Hello,
I am trying to use time_bucket_gapfill()
to fill gaps in missing sensor data with a continuous aggregate, or on a continuous aggregate. Let me build some context:
My raw data could look as follows, note the gaps, from
09:00:40
to 09:01:00
and
09:02:00
to 09:03:00
:
sensor_id | timestamp | value |
---|---|---|
a | 2023-02-15 09:00:00.022 | 0 |
a | 2023-02-15 09:00:10.019 | 10 |
a | 2023-02-15 09:00:20.019 | 20 |
a | 2023-02-15 09:00:30.028 | 30 |
a | 2023-02-15 09:00:40.017 | 40 |
a | 2023-02-15 09:01:00.022 | 100 |
a | 2023-02-15 09:01:10.019 | 110 |
a | 2023-02-15 09:01:20.019 | 120 |
a | 2023-02-15 09:01:30.028 | 130 |
a | 2023-02-15 09:01:40.017 | 140 |
a | 2023-02-15 09:01:50.019 | 150 |
a | 2023-02-15 09:03:00.018 | 300 |
a | 2023-02-15 09:03:10.014 | 310 |
a | 2023-02-15 09:03:20.016 | 320 |
a | 2023-02-15 09:03:30.022 | 330 |
a | 2023-02-15 09:03:40.017 | 340 |
a | 2023-02-15 09:03:50.019 | 350 |
a | 2023-02-15 09:04:00.018 | 400 |
a | 2023-02-15 09:04:10.014 | 410 |
a | 2023-02-15 09:04:20.016 | 420 |
a | 2023-02-15 09:04:30.022 | 430 |
a | 2023-02-15 09:04:40.017 | 440 |
a | 2023-02-15 09:04:50.019 | 450 |
It’s basically an ever-increasing index value that is reported every 10 seconds.

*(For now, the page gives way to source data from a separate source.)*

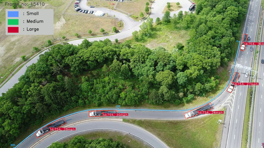 Traditional tracking algorithms are typically tailored for horizontal bounding boxes, posing a challenge for scenarios requiring orientation-aware tracking, such as ours with Oriented Bounding Boxes (OBB). Our specific video data characteristics, lacking abrupt occlusions or random object disappearances, allowed us to design a minimal and efficient tracking algorithm tailored to our needs. This algorithm relies on the intersection-over-union ratio of a given vehicle in consecutive frames to ensure accurate and effective tracking.
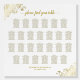 This beautiful wedding seating chart features a design that is simple yet elegant with gold text on a white background and ornate golden faux foil curls and swirls in the corners. The title is written in fancy script calligraphy and there is room for the names of the couple and wedding date below. Has seating assignments for 260 guests at 26 tables (10 seats per table). Wonderful way to make your reception more beautiful while helping your guests find their tables.
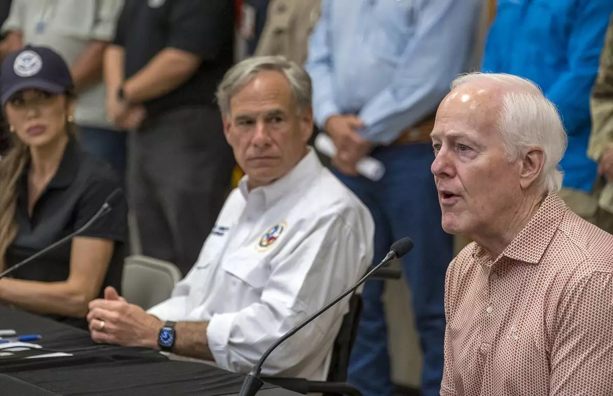 Sen. John Cornyn, right, speaks to media during a press conference as Homeland Security Secretary Kristi Noem, left, and Gov. Greg Abbott, center, listen after recent flooding along the Guadalupe River during a press conference on Saturday, July 5, 2025, in Kerrville, Texas. (AP Photo/Rodolfo Gonzalez)
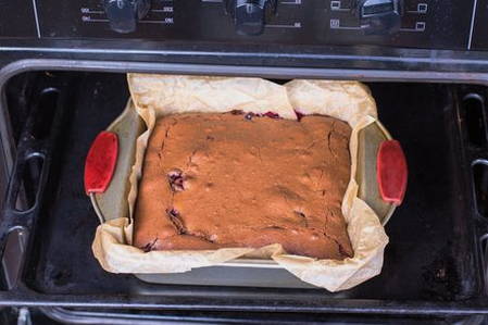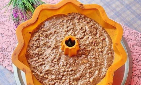 - Gearomatiseerde chocoladetaart met noten in de oven
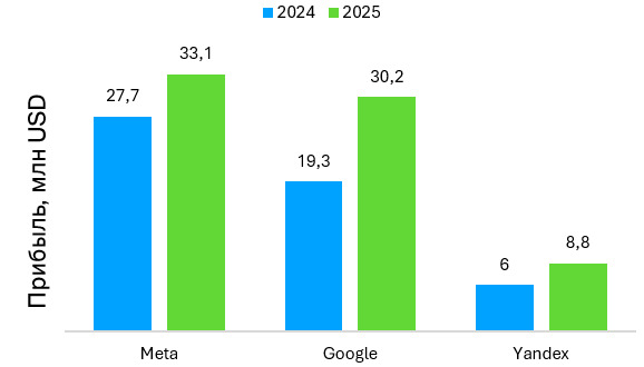 Оценить точный объём digital-рынка всё ещё проблематично из-за отсутствия единого измерителя. Однако показательными служат данные Государственного налогового комитета (ГНК): совокупная прибыль иностранных компаний, выступающих основными селлерами цифровой рекламы, выросла на 35%:

The index never becomes a smaller value. For simplicity’s sake in this example, it’s just increasing by 10 for every datapoint and the minute value prepended.
On this data I have a few continuous aggregates running to aggregate data over different time resolutions, i.e. in a minute by minute or day by day fashion.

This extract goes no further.